### TO DO
Everything in the entries below must be output exactly, apart from the pictures.

### DATASET CONTENT
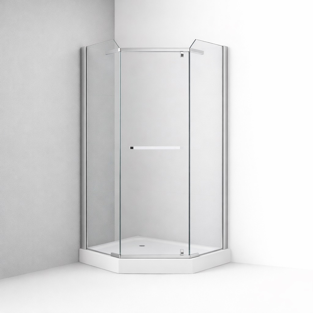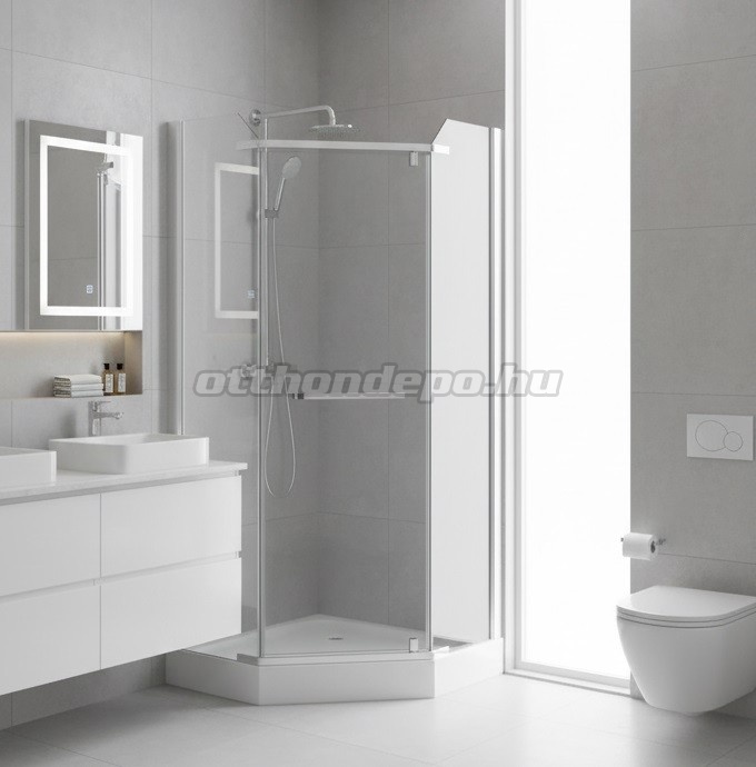 HTB, Zuhanykabin ötszögletű, tálcával és szifonnal, natúr üveg, szatén, 90x90 cm, 8 mm, 8128
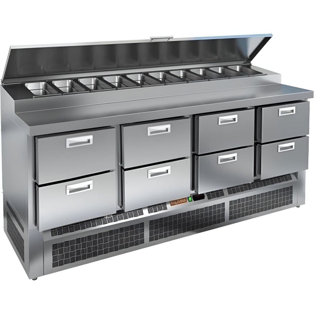HiCold PZE1-2222GN (1/3) с четырьмя выдвижными ящиками — надёжный и функциональный холодильный стол для пиццы и салатов. Продуманная организация хранения и удобство эксплуатации обеспечивают быстрый доступ к ингредиентам и повышают производительность на профессиональной кухне.
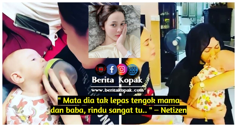 ” Mata dia tak lepas tengok mama dan baba, rindu sangat tu.. ” – Netizen
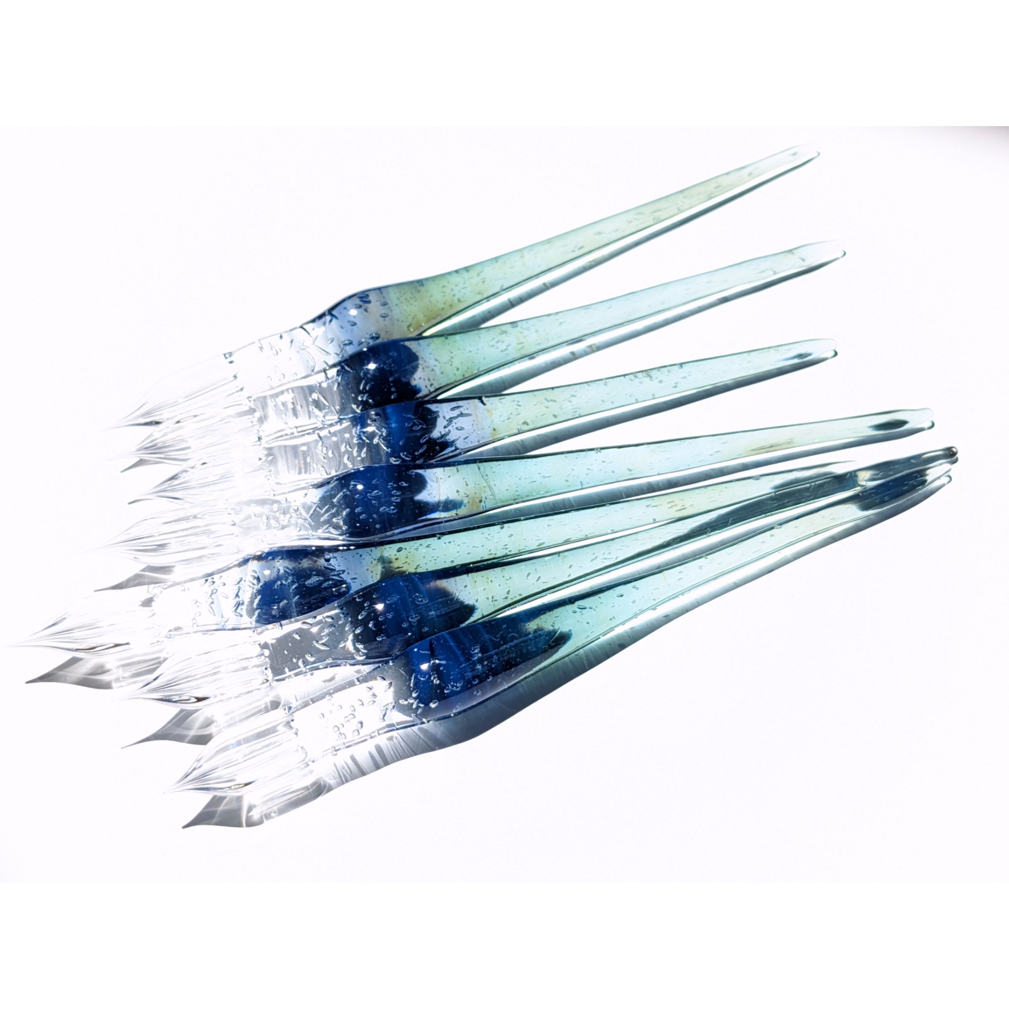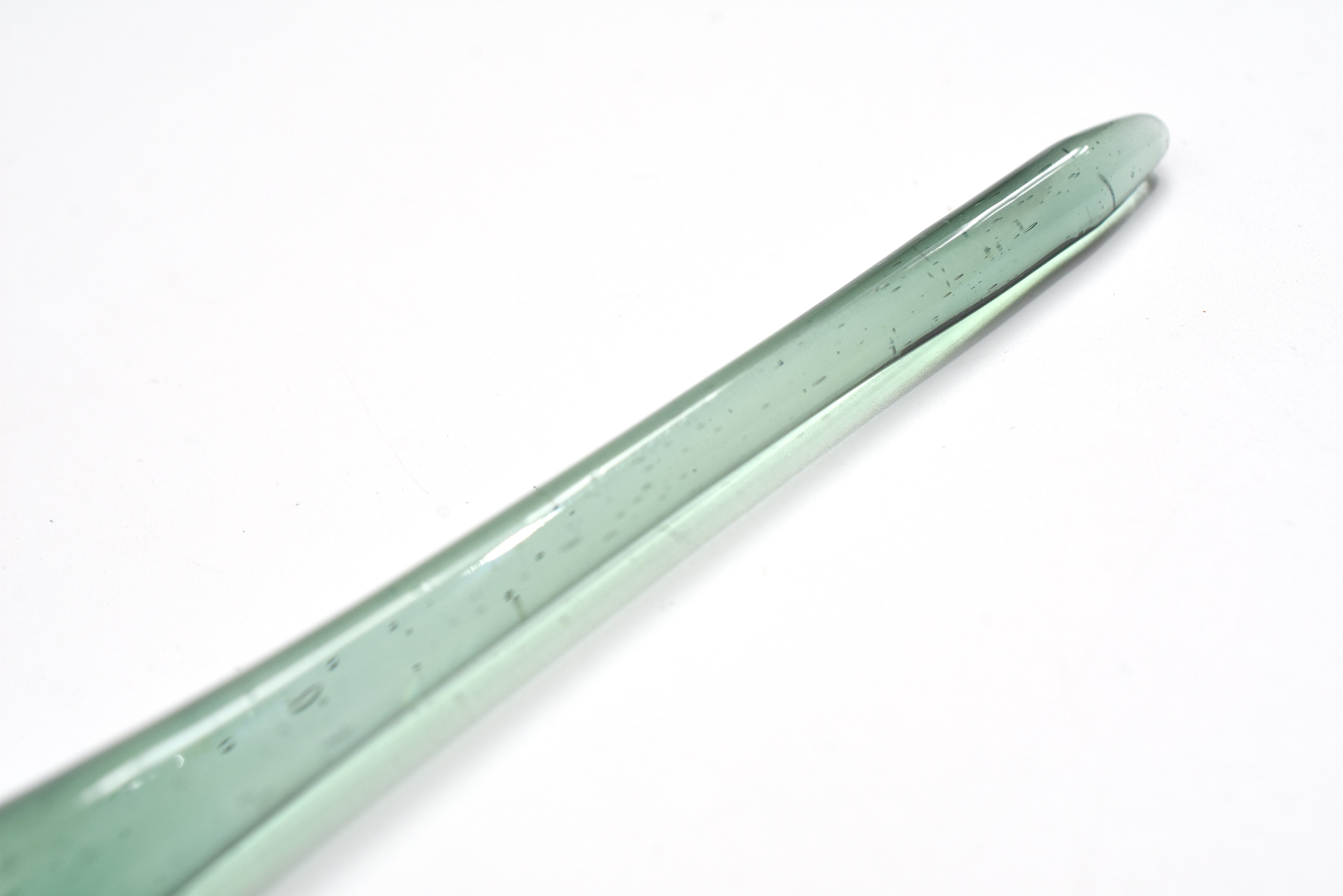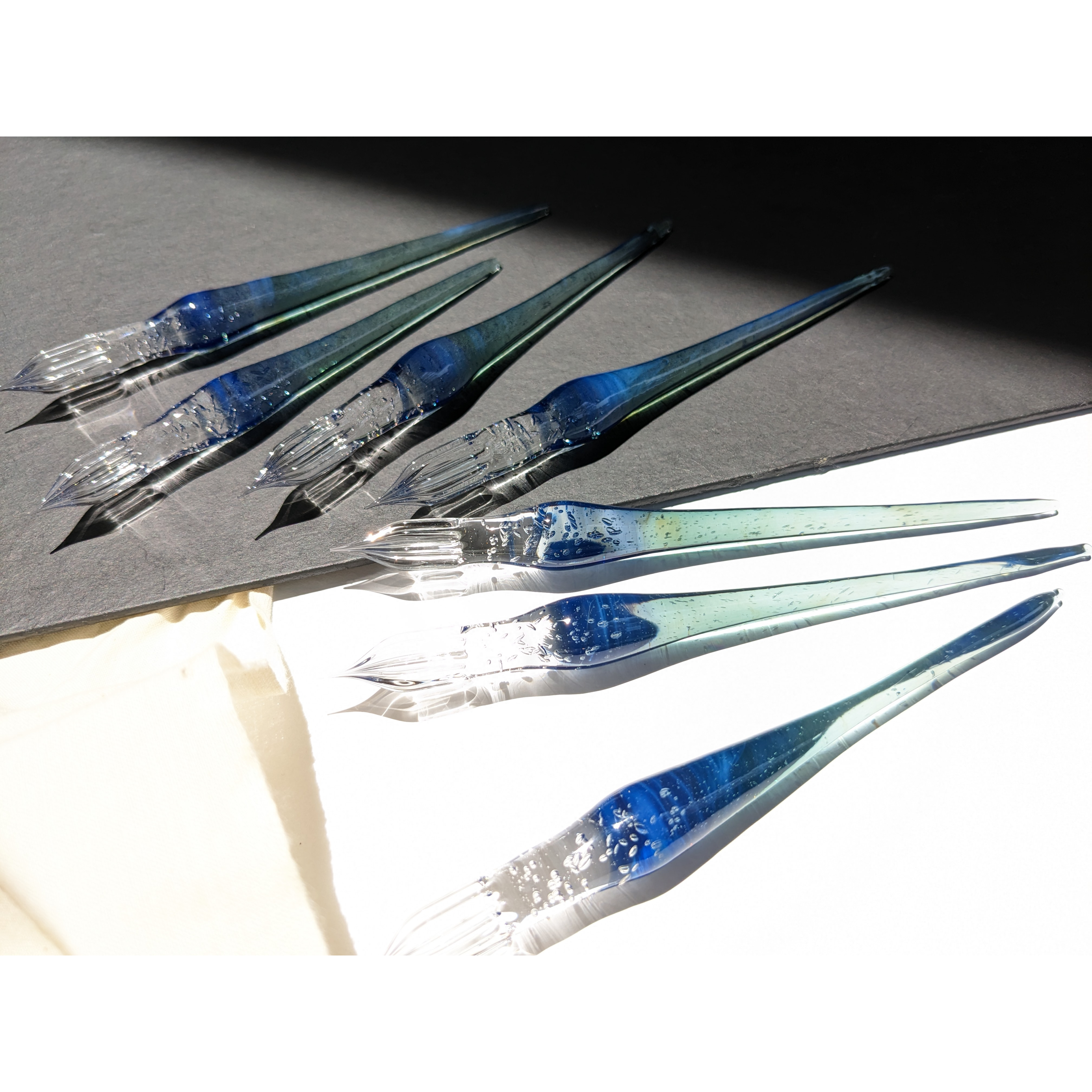 aun is the Japanese word for "om," the Sanskrit meditation mantra. The founder of aun is Akihiro Eda and the studio is located in Kurashiki. aun's glass pens are all handmade and designed by aun's team of three artisans. The nibs are ground to 7 sizes, ranging from EF to C, which requires finishing each nib with 8 gradations of sandpaper, taking about 1 hour to grind each nib. Finally, each nib is inspected under a microscope to ensure the capillaries along each nib are even for smooth ink flow to the paper.
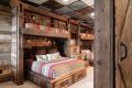 Thinking back to Lake Sherwood, Wendy’s main prerogative was to maximize sleeping space. So Kraft installed eight beds in two rooms — a traditional bedroom and a larger bunkroom with stacked beds framed in faux beams. Mimicking the industrial-chic ceiling, Kraft used corrugated steel, as well as reclaimed wood, to create hidden storage units beneath each bed. Guests have easy access to bedside charging stations, along with personal reading lights and enough shelving for a book and an iPhone. The wallboard in the basement – also reclaimed – was milled smooth, Kraft says, and installed as veneers that, in the bunkroom, conceal a Murphy wall-bed.
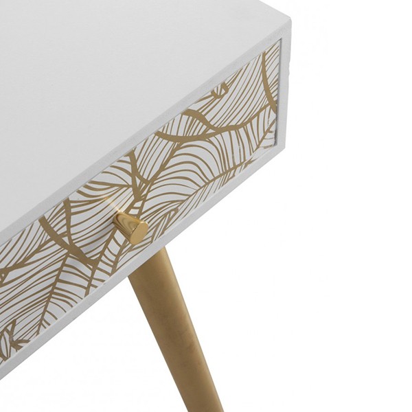 Fabricada en melamina de color blanco con los frontales de los dos cajones decorados con dibujos en tonos dorados a juego con sus pomos y patas metálicas del mismo color. Todo ello diseñado para estancias de ambientes nórdicos, para aportar un toque chic, o mid century, clásicos o modernos.

### RESULT FOR THIS EXERCISE
 HTB, Zuhanykabin ötszögletű, tálcával és szifonnal, natúr üveg, szatén, 90x90 cm, 8 mm, 8128
HiCold PZE1-2222GN (1/3) с четырьмя выдвижными ящиками — надёжный и функциональный холодильный стол для пиццы и салатов. Продуманная организация хранения и удобство эксплуатации обеспечивают быстрый доступ к ингредиентам и повышают производительность на профессиональной кухне.
 ” Mata dia tak lepas tengok mama dan baba, rindu sangat tu.. ” – Netizen
 aun is the Japanese word for "om," the Sanskrit meditation mantra. The founder of aun is Akihiro Eda and the studio is located in Kurashiki. aun's glass pens are all handmade and designed by aun's team of three artisans. The nibs are ground to 7 sizes, ranging from EF to C, which requires finishing each nib with 8 gradations of sandpaper, taking about 1 hour to grind each nib. Finally, each nib is inspected under a microscope to ensure the capillaries along each nib are even for smooth ink flow to the paper.
 Thinking back to Lake Sherwood, Wendy’s main prerogative was to maximize sleeping space. So Kraft installed eight beds in two rooms — a traditional bedroom and a larger bunkroom with stacked beds framed in faux beams. Mimicking the industrial-chic ceiling, Kraft used corrugated steel, as well as reclaimed wood, to create hidden storage units beneath each bed. Guests have easy access to bedside charging stations, along with personal reading lights and enough shelving for a book and an iPhone. The wallboard in the basement – also reclaimed – was milled smooth, Kraft says, and installed as veneers that, in the bunkroom, conceal a Murphy wall-bed.
 Fabricada en melamina de color blanco con los frontales de los dos cajones decorados con dibujos en tonos dorados a juego con sus pomos y patas metálicas del mismo color. Todo ello diseñado para estancias de ambientes nórdicos, para aportar un toque chic, o mid century, clásicos o modernos.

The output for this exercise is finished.